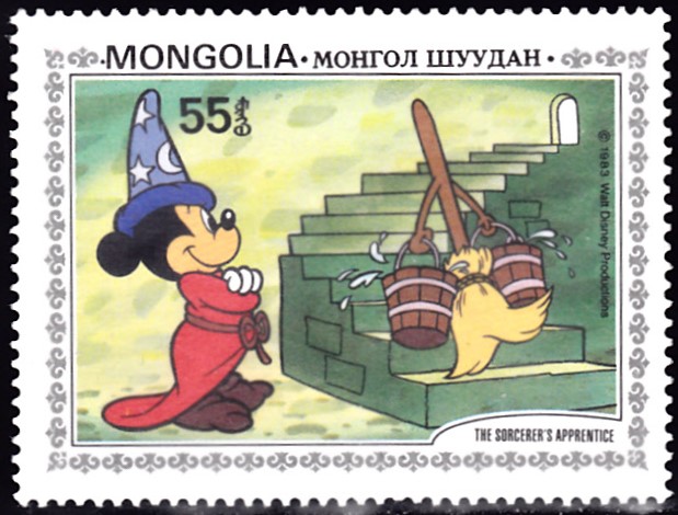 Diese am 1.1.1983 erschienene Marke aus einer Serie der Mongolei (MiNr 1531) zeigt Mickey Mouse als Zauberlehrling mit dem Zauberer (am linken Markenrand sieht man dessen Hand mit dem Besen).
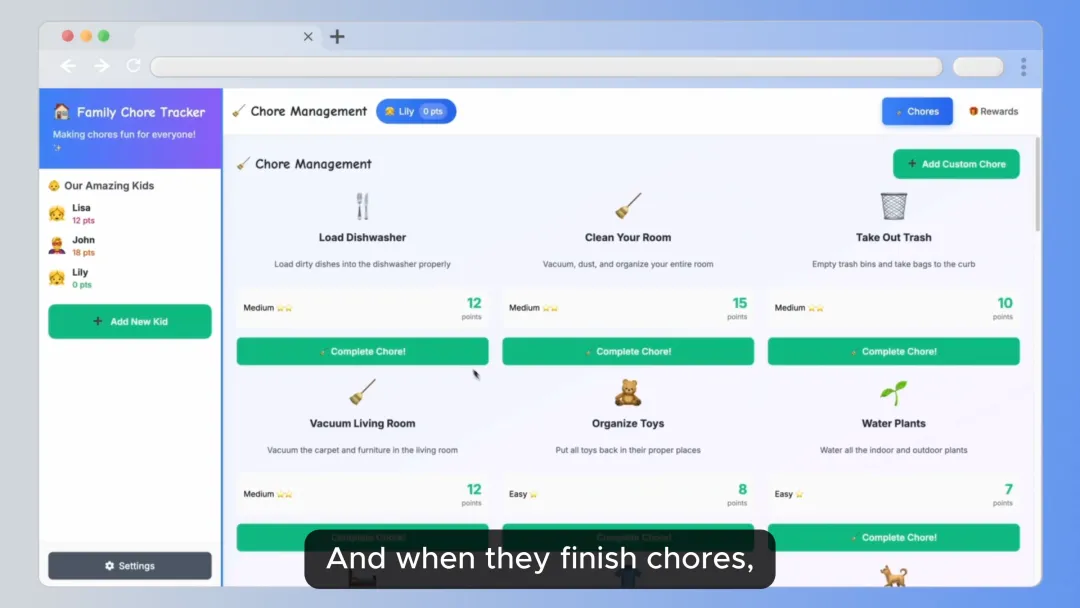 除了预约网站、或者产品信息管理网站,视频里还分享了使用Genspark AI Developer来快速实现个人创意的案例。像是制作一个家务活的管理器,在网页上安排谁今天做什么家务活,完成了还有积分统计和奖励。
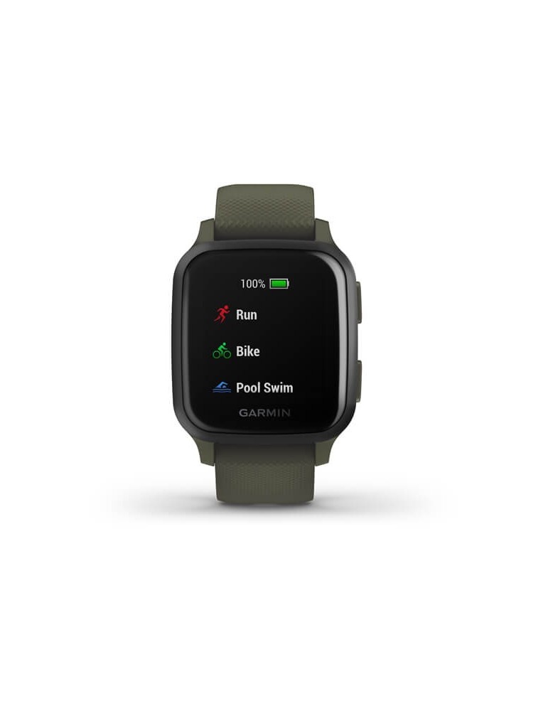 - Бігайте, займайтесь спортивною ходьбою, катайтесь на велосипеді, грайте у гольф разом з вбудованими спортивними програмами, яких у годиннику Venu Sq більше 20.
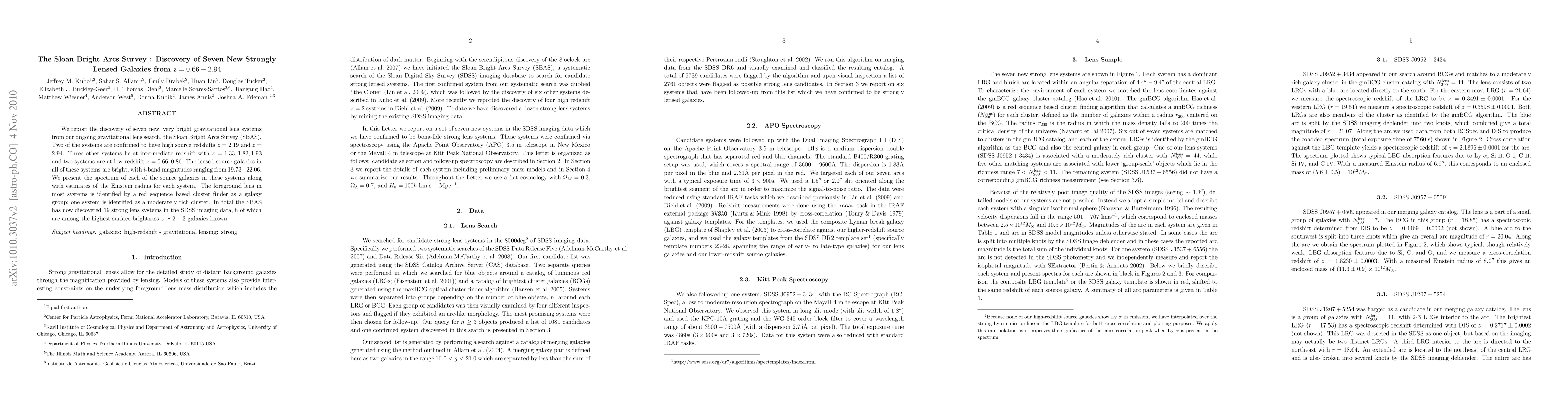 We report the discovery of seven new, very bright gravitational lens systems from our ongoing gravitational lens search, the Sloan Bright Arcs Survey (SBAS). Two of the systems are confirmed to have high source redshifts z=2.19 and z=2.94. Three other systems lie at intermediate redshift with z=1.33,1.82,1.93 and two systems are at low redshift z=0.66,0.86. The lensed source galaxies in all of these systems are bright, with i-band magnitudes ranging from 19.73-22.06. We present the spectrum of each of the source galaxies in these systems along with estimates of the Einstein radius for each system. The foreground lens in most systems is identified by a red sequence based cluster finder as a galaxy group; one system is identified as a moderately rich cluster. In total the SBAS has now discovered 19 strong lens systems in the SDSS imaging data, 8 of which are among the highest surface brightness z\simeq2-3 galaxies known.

**PROBLEM TO SOLVE:** An exact printout of the listing is needed, minus any pictures it contains.

**WRITTEN SOLUTION:**
 Diese am 1.1.1983 erschienene Marke aus einer Serie der Mongolei (MiNr 1531) zeigt Mickey Mouse als Zauberlehrling mit dem Zauberer (am linken Markenrand sieht man dessen Hand mit dem Besen).
 除了预约网站、或者产品信息管理网站,视频里还分享了使用Genspark AI Developer来快速实现个人创意的案例。像是制作一个家务活的管理器,在网页上安排谁今天做什么家务活,完成了还有积分统计和奖励。
 - Бігайте, займайтесь спортивною ходьбою, катайтесь на велосипеді, грайте у гольф разом з вбудованими спортивними програмами, яких у годиннику Venu Sq більше 20.
 We report the discovery of seven new, very bright gravitational lens systems from our ongoing gravitational lens search, the Sloan Bright Arcs Survey (SBAS). Two of the systems are confirmed to have high source redshifts z=2.19 and z=2.94. Three other systems lie at intermediate redshift with z=1.33,1.82,1.93 and two systems are at low redshift z=0.66,0.86. The lensed source galaxies in all of these systems are bright, with i-band magnitudes ranging from 19.73-22.06. We present the spectrum of each of the source galaxies in these systems along with estimates of the Einstein radius for each system. The foreground lens in most systems is identified by a red sequence based cluster finder as a galaxy group; one system is identified as a moderately rich cluster. In total the SBAS has now discovered 19 strong lens systems in the SDSS imaging data, 8 of which are among the highest surface brightness z\simeq2-3 galaxies known.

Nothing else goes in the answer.